Вчера, воротясь домой по скверной дороге, пообедав и выспавшись, весь вечер посвятил на чтение Шекспирова «King John»[901]. Три часа пролетели с быстротою, большую часть драмы я подчеркнул. Это торжество Шекспирова ума, хотя теплоты и жара здесь менее, чем в других первоклассных его вещах. Дивных мыслей рассыпано едва ли не столько же, сколько в «Гамлете». Это поэзия истории! Сцена с папским легатом — совершенство по драматизму. Есть кое-где напыщенность, но она не бьет в глаза, как в «Гамлете».

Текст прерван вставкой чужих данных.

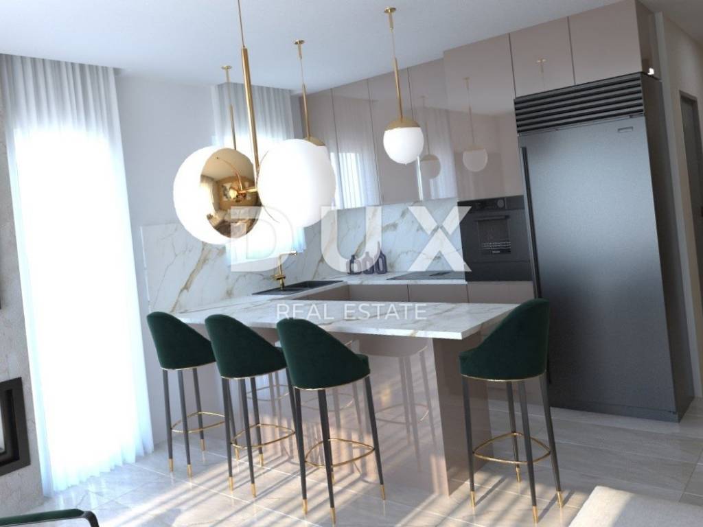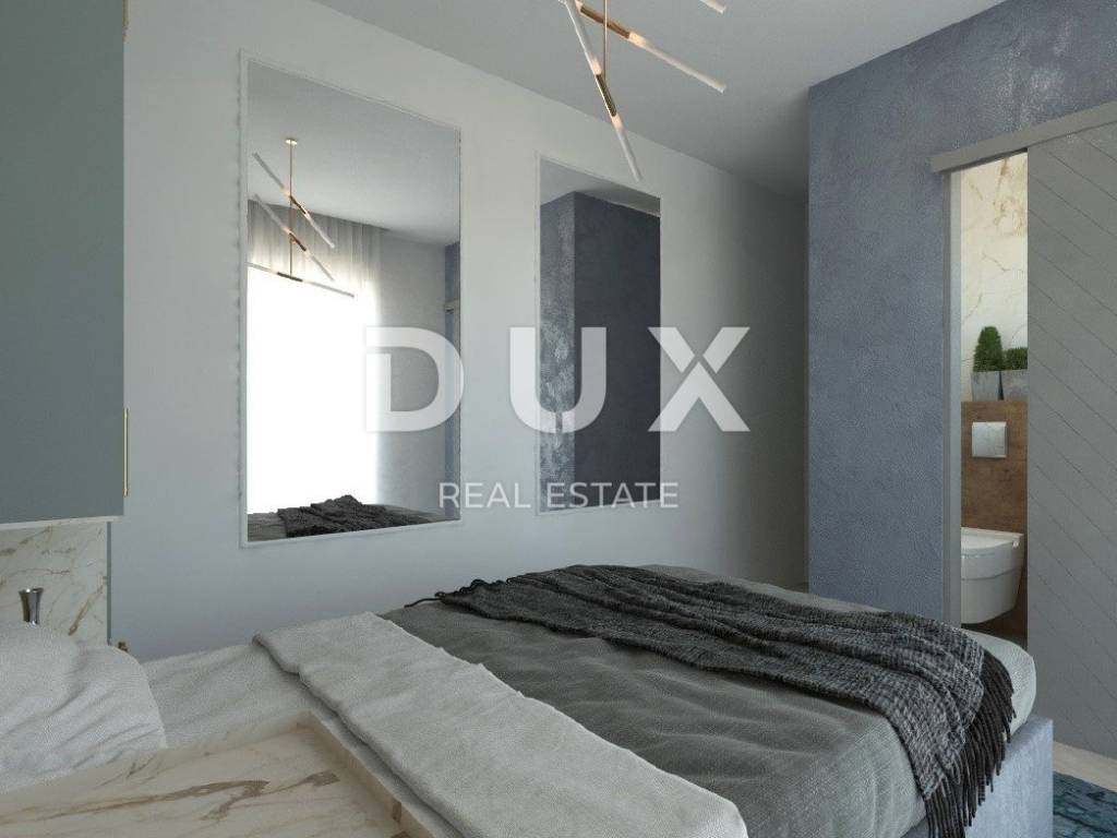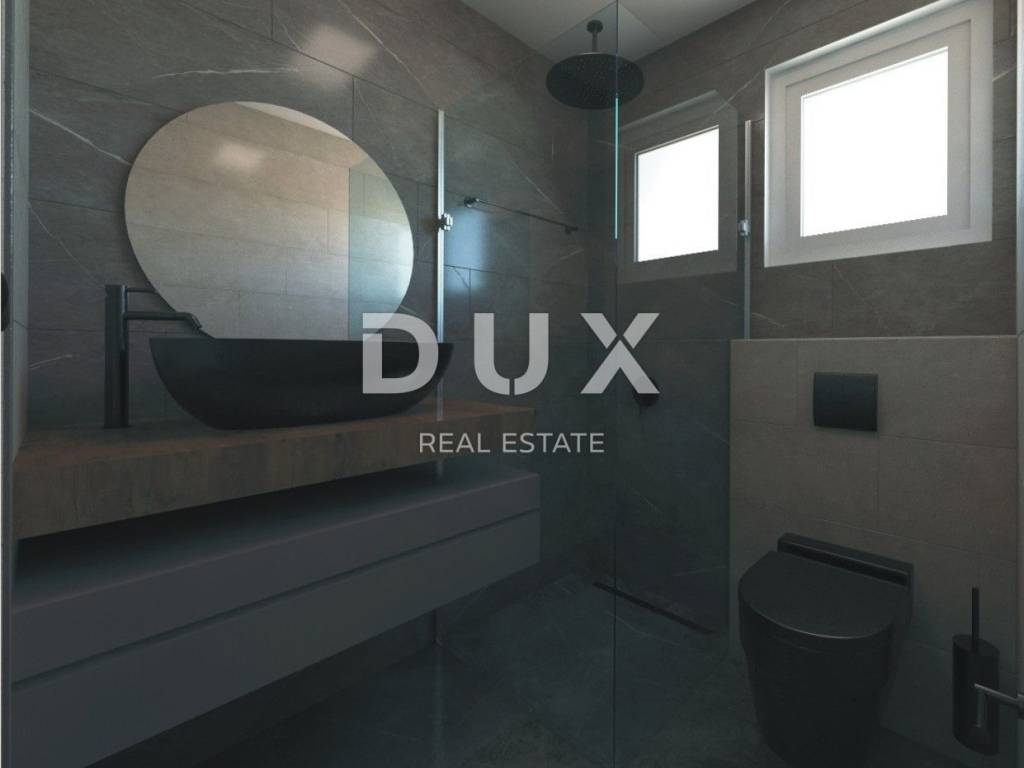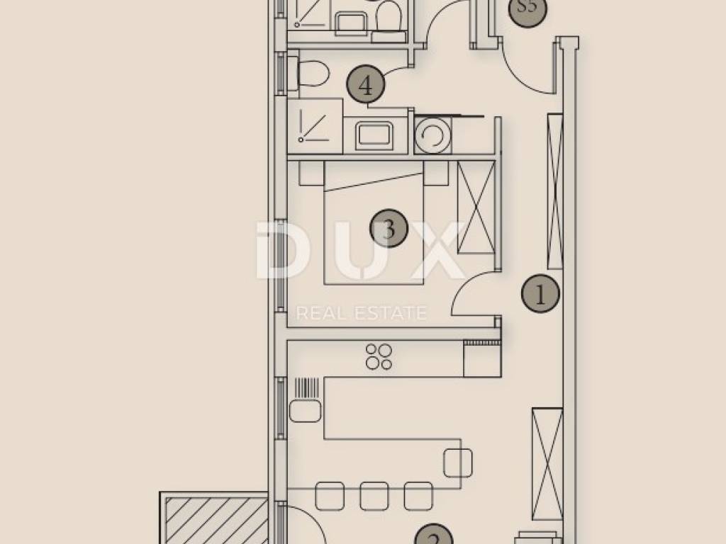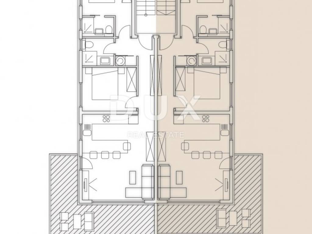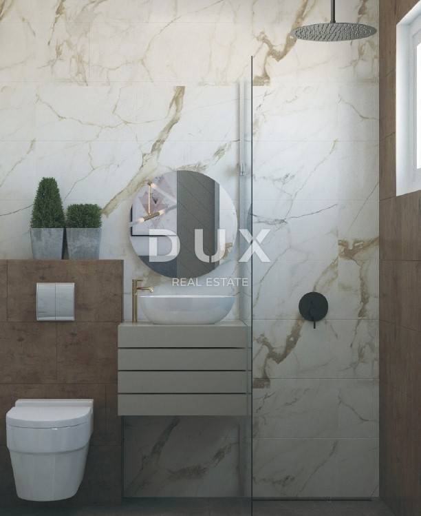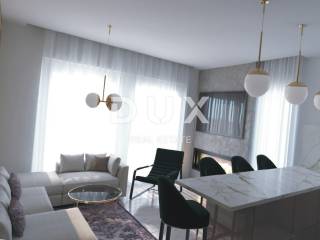In a quiet dead-end street in Trogir, an apartment on the top of a building with a private roof terrace and an attached garage is for sale. The apartment is located 120 meters as the crow flies from the sea, with walking distance to the beach, the center of Trogir, the marina, the ferry port and other amenities. The apartment (designation: Apartment 6) has an internal area of approximately 58 m and consists of a living room, two bedrooms and two fully equipped bathrooms. In addition to the living space, the apartment has a covered balcony of 20 m and a roof terrace of 78 m with hot and cold water connections and an electrical connection for a jacuzzi or solar panels. The price also includes a 15 m garage with a 220 V connection designed for charging an electric vehicle. The apartment is equipped with underfloor electric heating, ceramic tiles in all rooms, separate air conditioning in each room, electric shutters, mosquito nets and PVC windows with triple-layer IZO LOW-e glass. The apartment has a separate electricity and water meter, and the building is connected to the city sewerage system and has a usage permit. It is located next to the green zone area where further construction is not allowed, which provides a stable view of the sea and the bay. The apartment is sold fully furnished, including furniture in all rooms and household appliances: TV, dishwasher, washing machine, water heater, oven, stove, microwave oven, refrigerator and freezer. The apartment is ready to move in immediately.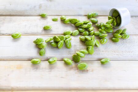 A pile of pumpkin seeds on a wooden table. The seeds are scattered in various sizes and shapes, creating a visually interesting and colorful scene. Concept of abundance and natural beauty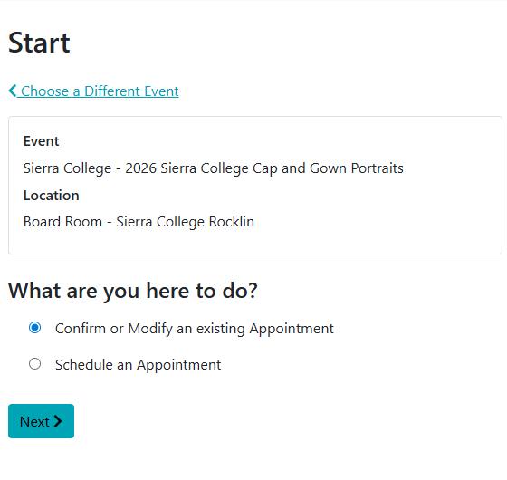 - Click “Confirm or Modify an Existing Appointment”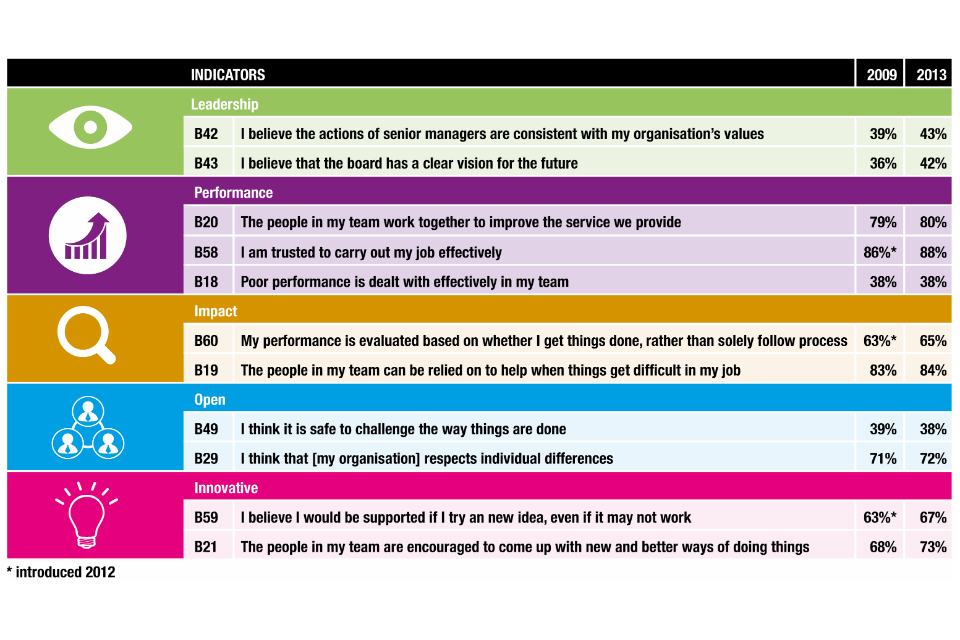 Tackling cultural issues which prevent the Civil Service from providing the very best service to ministers and the public is essential. We have embedded the competency framework but have gone beyond that, seeking the views of hundreds of civil servants on the culture and behaviours that they take pride in and want to retain for the future and the culture and behaviours which are getting in the way of delivering the best for the public and which need to change. Changing culture is a long term task and starts with our leaders – we are now committing to developing a clear leadership statement setting out our expectations of all Civil Service leaders, given effect through our leadership development training and our performance management systems.

2-го сентября донеслось к нам с необычайной быстротой тяжкое известие о взятии Севастополя[902]. Описывать моих ощущений не беруся. Может быть, через много лет, глядя на эти листы дневника, вспомню я то, что я передумал, перечувствовал и видел во сне за эти дни с той минуты, когда Мейер подал мне письмо его родственника и отрывок газеты с печальным известием. Я не разделяю мнения господ, утверждающих, что Россия потерпела позор и что за взятием Севастополя должна следовать кровавая и мстительная война. По моему мнению обе стороны, если они понимают свои выгоды, ближе к примирению, чем когда-либо. Обе выучились ценить одна другую, обе желают спокойствия. Защита Севастополя для нас славнее Лейпцига, Кульма[903], а Бородина и подавно. Потеря денег велика, частные скорби неисчислимы, но слава наша нимало не пострадала. Мало того, когда заключится мир и раны заживут, война принесет нам неисчислимые выгоды. Правительство сблизилось с народом, народ наш, так долго ненавистный Европе, навеки будет ею уважаем, недостатки наши, выказавшиеся наружу, будут исправлены и вредная самонадеянность исчезнет. Военное сословие разовьется и возвысится, все общество, сближенное и сдружившееся за года испытаний, утратит свои угловатые стороны. И главное, воспоминания о кровавой войне заставят всех ценить блаженство спокойствия. Как человек радостно пробуждается после давящего кошмара, так и вся Европа, на время не ценившая было благ тишины, весело встретит эту тишину и надолго не будет соваться в драку. Обо всем этом утешительно думать, только дай бог, чтоб нам недолго пришлось ждать дня примирения!

Сентября 10, суббота.

Нельзя сказать, чтоб последние дни моей вилледжиатуры[904] проходили очень интересно: ветер завывает, небо пасмурно, и, вообще, до сих пор, за исключением одного вечера, осень является в самых суровых красках. Уединение мое, сперва сделавшееся было крайне подлым от гнусной зубной и головной боли, впоследствии было украшено получением разных писем, и на один день приездом Мейера, Трефорта, Эллиота и моей очаровательницы Катерины Петровны Т. В этот день Мейер покрыл себя бессмертною славою, ухаживая за сей милой особой и на прощанье с чувством поцеловав у ней руку. Но никто из вышепрописанных персон не ночевал, так что длинный сентябрьский вечер мне пришлось провести с книгою. Читаю довольно много, перечитываю «Tales of the Hall»[905] Крабба, драмы Шекспира и по клочкам Рабле. Кончил вторую часть Записок Гёте и удовлетворен ею чрезвычайно. «Путешествие в Италию» очень хорошо, но «Кампания во Франции» еще лучше. Это сок занимательности, и за подобные сочинения не возьму я ста томов новейшего изделия. Все более и более убеждаюсь я, что Гёте — умственный Наполеон наших дней, изучение его жизни есть целая благотворная наука. Жаль, что у нас совсем бросили немецкую словесность: мастерская и подробная книга о жизни Гёте была бы для нас всех манною, трудом распренаиполезнейшим! Я предлагал Васиньке Боткину заняться подобным трудом, но вотще. Зимой стану раззадоривать Тургенева на подобную работу, но он по складу своей натуры недостаточно проникнется гетизмом. По своему взгляду на жизнь Васинька один способен писать этюд о Гёте.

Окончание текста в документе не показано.